Int. J. Robust Nonlinear Control, 2004.


BOOK REVIEW

STABILITY AND CONTROL OF DYNAMICAL SYSTEMS
WITH APPLICATIONS: A TRIBUTE TO ANTHONY N.
MICHEL

Edited by:
Derong Liu and Panos J. Antsaklis

Stability and Control of Dynamical Systems with Applications - Derong Liu and Panos J. Antsaklis (New York, NY: Birkhauser-Boston, 2003). Reviewed by: Huaguang Zhang, School of Information Science and Engineering, Northeastern University, Shenyang, Liaoning 110004, People’s Republic of China

1. THE SOURCE

This book is an extensive compilation of papers presented at the workshop held at the University of Notre Dame on 5 April 2003. The workshop honored Anthony N. Michel, who has made distinguished contributions in several areas of systems theory and control theory, on the occasion of his retirement, and was also a forum to explore topics and applications related to the stability and control of dynamical systems. The book presents recent research results on stability and control of dynamic systems by 41 of Michel’s colleagues, friends, and former PhD students.

2. THE CONTENT

The book is organized into three major parts incorporating 21 chapters. The first part of the book contains seven chapters on stability analysis of dynamical systems. The second part of the book, comprising six chapters, is concerned with neural networks and signal processing. The final part of the book consists of eight chapters which cover power systems and control systems.

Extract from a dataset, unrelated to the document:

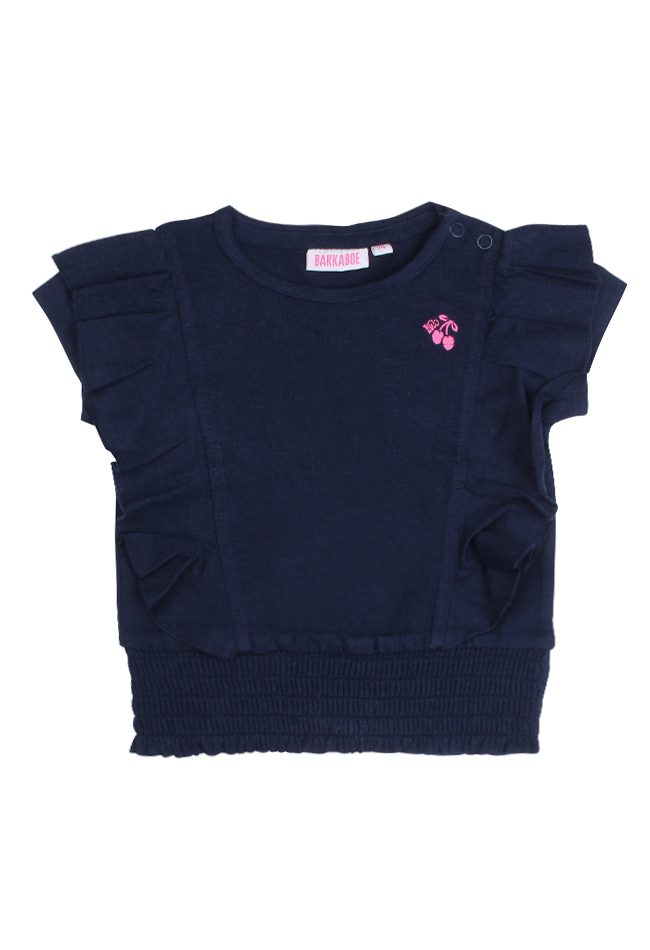 T-shirt voor de baby meisjes, het t-shirt heeft ruches langs de voorkant en aan de onderkant zit een elastieken band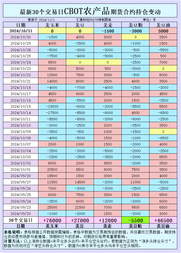 在CBOT玉米市场上,近期持仓数据显示投机性净空头增加。10月31日收盘价格每蒲式耳4.10-3/4美元,下跌0.75美分。尽管近30日数据显示投机性净多头增加,但短期的持仓数据表明市场偏空情绪上升,显示出对供应和需求不平衡的担忧。

Part I of the book consists of Chapters 1–7. Chapter 1 (by A. Fettweis) starts with introducing the nonlinear passive Kirchhoff circuits, the wave-digital method, nonlinear relativistic mass and direct derivation of the alternative results. This chapter expands the wave-digital concepts and relativity theory through some modifications to Newton’s Law. An unnecessary additional earlier
requirement that had led to an unavoidable factor of 1/2 in the expression for the equivalence between mass and energy is abandoned. The chapter clarifies some of the issues involved, by accurate and unequivocal measurements, to obtain results
with the closest connection to reality.

Chapter 2 (by L. T. Gruyitch) studies the notion of time and defines the complete transfer function matrix for continuous-time MIMO time-invariant linear systems. This matrix is crucial for zero-pole cancelation, system minimal realization, stability
analysis, and stabilizing, tracking and/or optimal control synthesis. A new Lyapunov methodology for nonlinear systems, called consistent Lyapunov methodology, enables us to establish the necessary and sufficient conditions for (1) asymptotic stability
of x=0, (2) a set to be the exact domain of asymptotic stability and (3) a direct construction of a Lyapunov function for a given nonlinear dynamical system. Moreover, the extended concepts of vector Lyapunov function are introduced.

Chapter 3 (by J. Shen, A. K. Sanyal and N. H. Mc-Clamroch) develops a mathematical model for multibody attitude systems that expose the dynamic coupling between the rotational degree of freedom of the base body and the deformation or shape degree of freedom of the elastic subsystems. Furthermore, a number of results that guarantee asymptotic stability for this multibody attitude system are obtained. Finally, two examples including a system with elastic rotational degree of freedom and a system with elastic transnational degree of freedom are introduced.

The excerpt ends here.